On September 8, 2004, Viacom issued a press release disclosing the final terms of the voluntary Exchange Offer. A Prospectus outlining the relevant terms of the Exchange Offer soon followed. In the Exchange Offer, each tendering holder of Viacom stock would receive 5.15 shares of Blockbuster stock in exchange for each Viacom share tendered. 6 Viacom disclosed that it would accept up to an aggregate of 27,961,165 shares of Class A and Class B common stock until the closing date on October 5, 2004. The Prospectus disclosed that (a) NAI would not participate in the Exchange Offer; (b) several potential risks were associated with acquiring Blockbuster stock, including Blockbuster’s potential inability to operate with the increased debt imposed by the Special Dividend; (c) a special committee of the Blockbuster board, comprised of three independent directors, had recommended that the entire Blockbuster board approve the Special Dividend and the Exchange Offer; (d) the special committee had approved the final terms of the divestiture; and (e) neither Viacom nor Blockbuster made a recommendation to stockholders about the Exchange Offer. 7 Nor did the Prospectus *682 disclose the composition of the special committee.

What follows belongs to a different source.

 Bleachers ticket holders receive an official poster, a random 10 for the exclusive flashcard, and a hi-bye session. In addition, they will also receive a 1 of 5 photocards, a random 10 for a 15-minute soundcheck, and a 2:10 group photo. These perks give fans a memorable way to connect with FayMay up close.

Pfeffer and many other Viacom stockholders, but not including Redstone or NAI, tendered their shares in the fully subscribed Exchange Offer.

Following the Exchange Offer, Blockbuster struggled to remain profitable. On March 9, 2006, Blockbuster announced a restatement of its reported cash flows for the years 2008 through 2005. After months of discussions with the SEC, Blockbuster accounted for its new releases in its rental library as current assets, as opposed to their earlier classification as noncurrent assets. As a result of this restatement, Blockbuster categorized those assets as operational expenses instead of capital expenses.

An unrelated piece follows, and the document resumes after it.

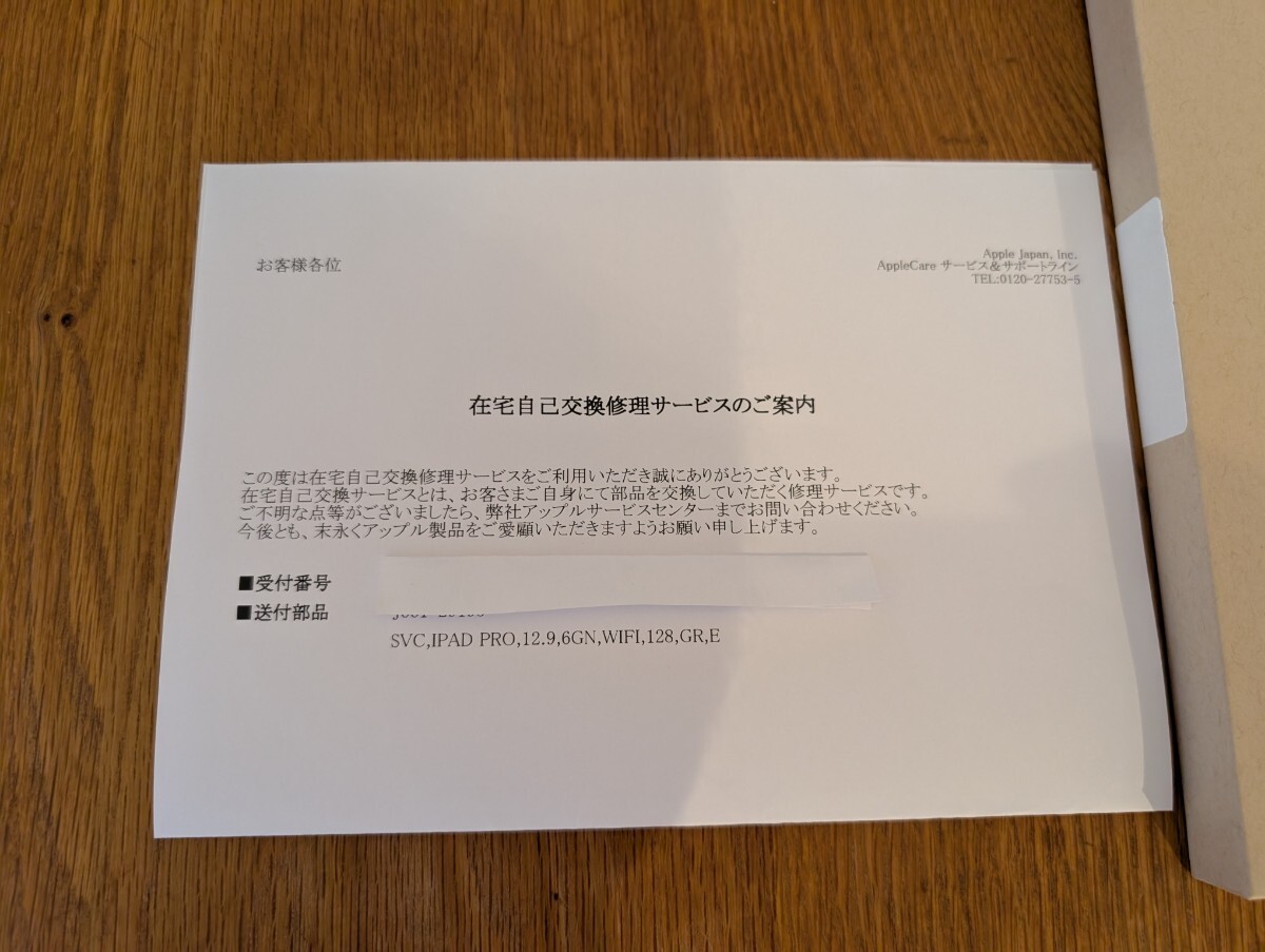 故障したので、アップルケアを申請したら新品が送られてきました。

Pfeffer brought a class action in the Court of Chancery on behalf of all former Viacom shareholders who tendered their shares in the Exchange Offer, and on behalf of all Blockbuster shareholders who held shares as of the August 27, 2004 record date for the Special Dividend issued by Blockbuster. 8 Pfeffer named 21 defendants in his complaint, including two corporations, NAI and CBS, and several Viacom and Blockbuster directors. 9

Pfeffer claimed that the Viacom board of directors had violated their duty of disclosure in relation to the Exchange Offer. 10 Specifically, Pfeffer alleged that the Viacom directors either failed to disclose, or made material misstatements regarding, the true state of Blockbusters’ operational cash flow, the methodology used to determine the exchange ratio, and the composition of the Viacom special committee that recommended the transaction to the Viacom board. Pfeffer asserted that the Viacom board of directors knew or should have known that a Blockbuster treasury department manager had compiled a cash flow analysis seven months before the Exchange Offer, and that knowledge demonstrated that Blockbuster’s operational cash flow could not support the Special Dividend or Exchange Offer. 11 In her complaint, Pfeffer pointed to several Blockbuster announcements, including Blockbuster’s cash flow restate *683 ment, as evidence that the Viacom and Blockbuster directors knew or should have known of Blockbuster’s financial woes at the time they caused the Prospectus to be disseminated. Although Pfeffer attempted to establish that the directors knew or should have known of Blockbuster’s financial problems, she did not allege that the announced restatement caused a market price decline for Blockbuster stock. Pfef-fer also claimed that NAI and the directors had breached their duty of loyalty.

All the defendants moved to dismiss the action for failure to state a claim. On February 1, 2008, the Vice Chancellor dismissed all of Pfeifer’s claims with prejudice. 12 The Vice Chancellor held that the Viacom Directors had made neither material omissions nor materially misleading statements in the Prospectus.